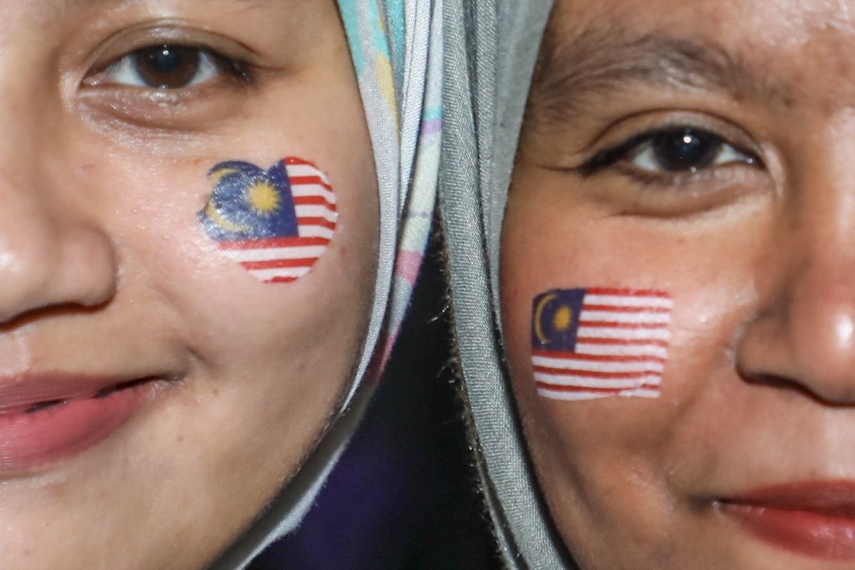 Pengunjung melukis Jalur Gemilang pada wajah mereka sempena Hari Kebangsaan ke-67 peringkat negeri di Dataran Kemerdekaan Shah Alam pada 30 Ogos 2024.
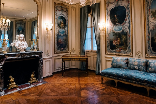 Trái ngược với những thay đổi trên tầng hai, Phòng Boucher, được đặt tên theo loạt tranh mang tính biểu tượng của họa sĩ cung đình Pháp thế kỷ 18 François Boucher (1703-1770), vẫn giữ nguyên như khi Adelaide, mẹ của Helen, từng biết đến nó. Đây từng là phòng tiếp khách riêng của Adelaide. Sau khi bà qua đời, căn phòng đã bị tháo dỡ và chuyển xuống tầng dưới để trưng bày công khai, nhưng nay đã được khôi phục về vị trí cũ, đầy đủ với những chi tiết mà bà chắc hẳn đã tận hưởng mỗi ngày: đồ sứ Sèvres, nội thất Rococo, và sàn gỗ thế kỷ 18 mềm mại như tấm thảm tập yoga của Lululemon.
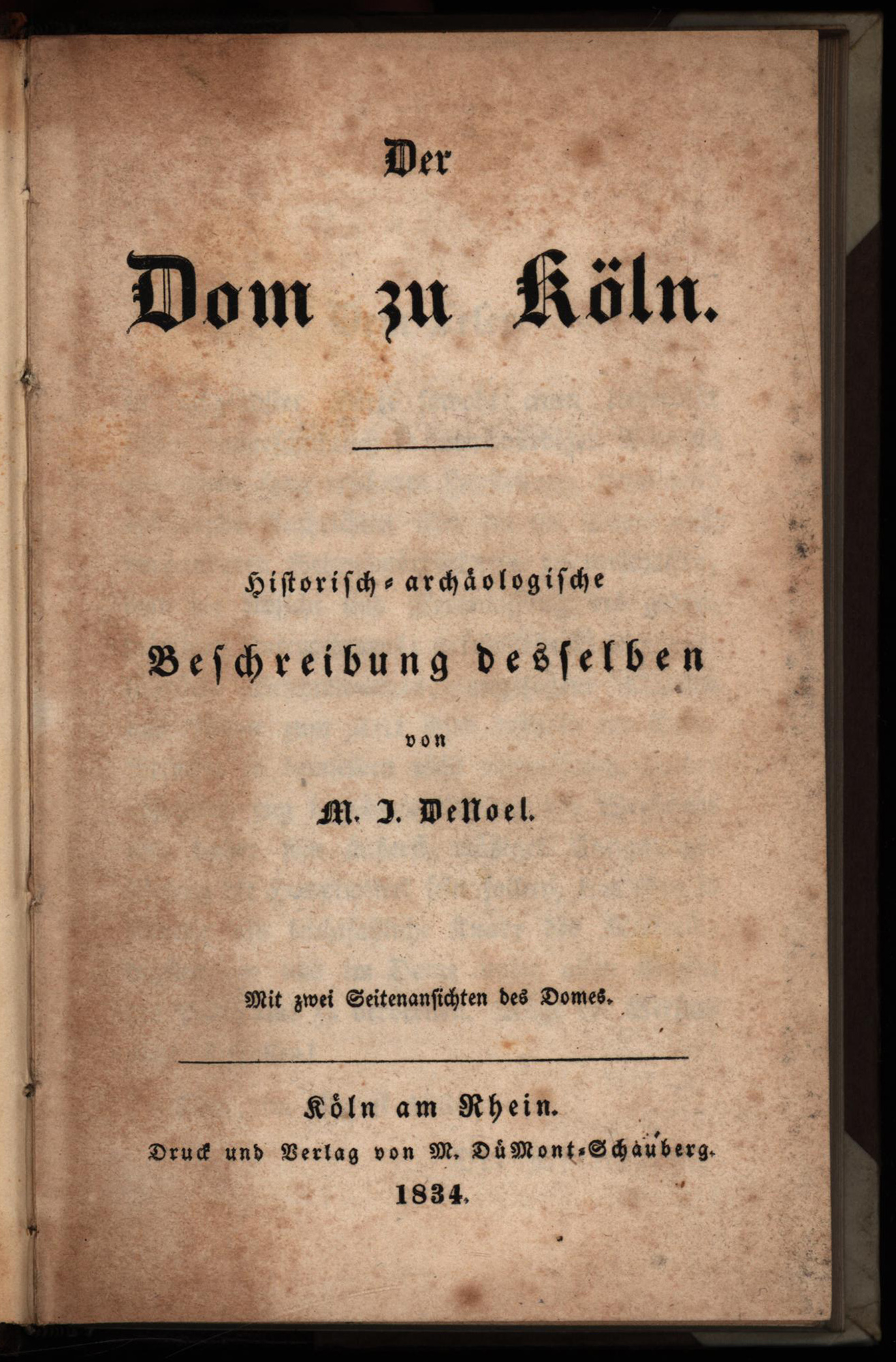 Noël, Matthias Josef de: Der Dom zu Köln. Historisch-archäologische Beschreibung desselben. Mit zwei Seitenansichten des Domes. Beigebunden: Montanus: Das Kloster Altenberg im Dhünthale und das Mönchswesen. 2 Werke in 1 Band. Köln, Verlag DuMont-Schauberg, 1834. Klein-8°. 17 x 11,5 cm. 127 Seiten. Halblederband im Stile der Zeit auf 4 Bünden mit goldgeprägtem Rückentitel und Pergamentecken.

**TASK DESCRIPTION:** Copy the material exactly as written and leave every picture behind.

**EXPECTED ANSWER:**
 Pengunjung melukis Jalur Gemilang pada wajah mereka sempena Hari Kebangsaan ke-67 peringkat negeri di Dataran Kemerdekaan Shah Alam pada 30 Ogos 2024.
 Trái ngược với những thay đổi trên tầng hai, Phòng Boucher, được đặt tên theo loạt tranh mang tính biểu tượng của họa sĩ cung đình Pháp thế kỷ 18 François Boucher (1703-1770), vẫn giữ nguyên như khi Adelaide, mẹ của Helen, từng biết đến nó. Đây từng là phòng tiếp khách riêng của Adelaide. Sau khi bà qua đời, căn phòng đã bị tháo dỡ và chuyển xuống tầng dưới để trưng bày công khai, nhưng nay đã được khôi phục về vị trí cũ, đầy đủ với những chi tiết mà bà chắc hẳn đã tận hưởng mỗi ngày: đồ sứ Sèvres, nội thất Rococo, và sàn gỗ thế kỷ 18 mềm mại như tấm thảm tập yoga của Lululemon.
 Noël, Matthias Josef de: Der Dom zu Köln. Historisch-archäologische Beschreibung desselben. Mit zwei Seitenansichten des Domes. Beigebunden: Montanus: Das Kloster Altenberg im Dhünthale und das Mönchswesen. 2 Werke in 1 Band. Köln, Verlag DuMont-Schauberg, 1834. Klein-8°. 17 x 11,5 cm. 127 Seiten. Halblederband im Stile der Zeit auf 4 Bünden mit goldgeprägtem Rückentitel und Pergamentecken.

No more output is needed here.